The savage mountain.

🇵🇰 Pakistan / 🇨🇳 China·Asia·Karakoram·8,611m

Difficulty 10/10

Elevation

8,611m

28,251 ft

First Ascent

1954

Achille Compagnoni, Lino Lacedelli

Best Season

June–August

Summit Days

60–75 days

Fatality Rate

~25%

Permits

Required

Overview

The second-highest mountain on Earth and, by every measure that matters, the harder one. 8,611 metres in the Karakoram range on the Pakistan-China border, K2 has no easy side. The name is provisional — a surveyor's notation from 1856 that was never replaced because the mountain was too remote to have a local name in common use.

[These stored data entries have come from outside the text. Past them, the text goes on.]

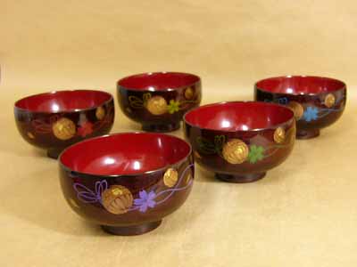 山中漆器の天然木製汁椀5客セットです。木目が透けて見える半透明の透きうるしに、色変わりのけまりの絵柄をほどこされています。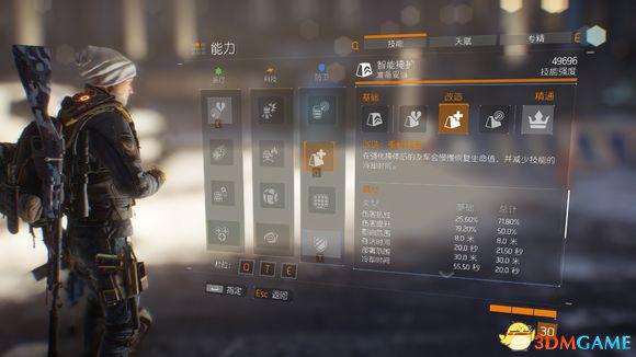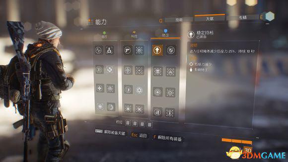 下面就是技能和天赋部分了,因为我打挑战只带 扫描,和智能掩体,我认为这2个技能对堆有的 提升最大,能让输出最大化,加血的支持平台(免疫平台,子弹平台)完全交给队友了。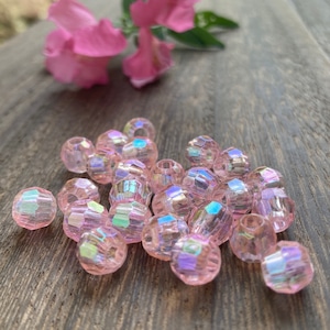 キラキラ輝く面カットと、大きな穴が特徴のプラスチックビーズです。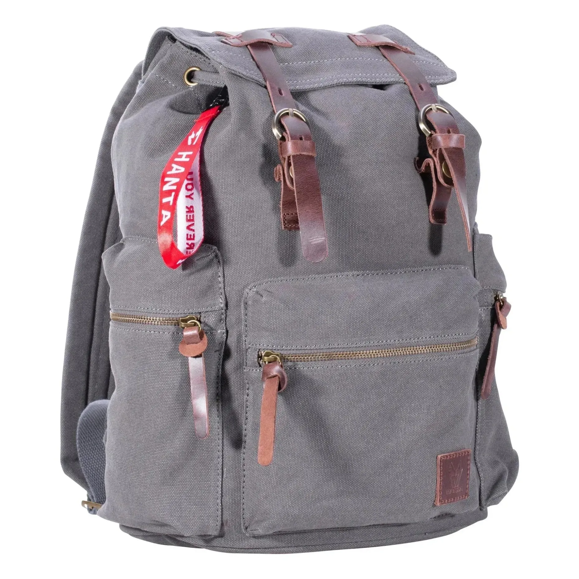 Ein weiteres Fach am Rucksackrücken sorgt dafür, dass Du wichtige Dokumente, Geld oder andere Dinge sicher verstauen kannst. Der Lederpatch mit eingearbeitetem Hanta-Logo verleiht Deinem Rucksack einen unauffälligen, aber stylischen Pluspunkt.

K1 was Masherbrum. K3, K4, K5 became Broad Peak, Gasherbrum II, Gasherbrum III. K2 stayed K2.

The first ascent came in 1954, the year after Everest, by an Italian team led by Ardito Desio. Achille Compagnoni and Lino Lacedelli reached the top. The expedition was bitter, the credit disputed for decades. Reinhold Messner climbed it without supplemental oxygen in 1979. The first winter ascent was not made until 2021 — sixty-seven years after the first summer ascent, and only after every other 8000er had already been climbed in winter. K2 was the last to fall.

The standard route, the Abruzzi Spur, is steeper than anything on Everest. The Bottleneck — a couloir at 8,200 metres beneath a hanging serac — is the section that defines the mountain's reputation. In 2008, the serac collapsed and eleven climbers died on a single descent. The fatality rate among summiteers is roughly one in four. There is no commercial guiding industry on K2 in the way there is on Everest. The mountain does not lend itself to assistance.

What makes K2 different is the verticality. From base camp at 5,000 metres, the summit pyramid rises in a single architectural gesture — clean, steep, unrelenting. There is no plateau to traverse, no easy ridge to follow. The climber who reaches the top has earned every metre with full attention. The descent, statistically, is more dangerous than the ascent.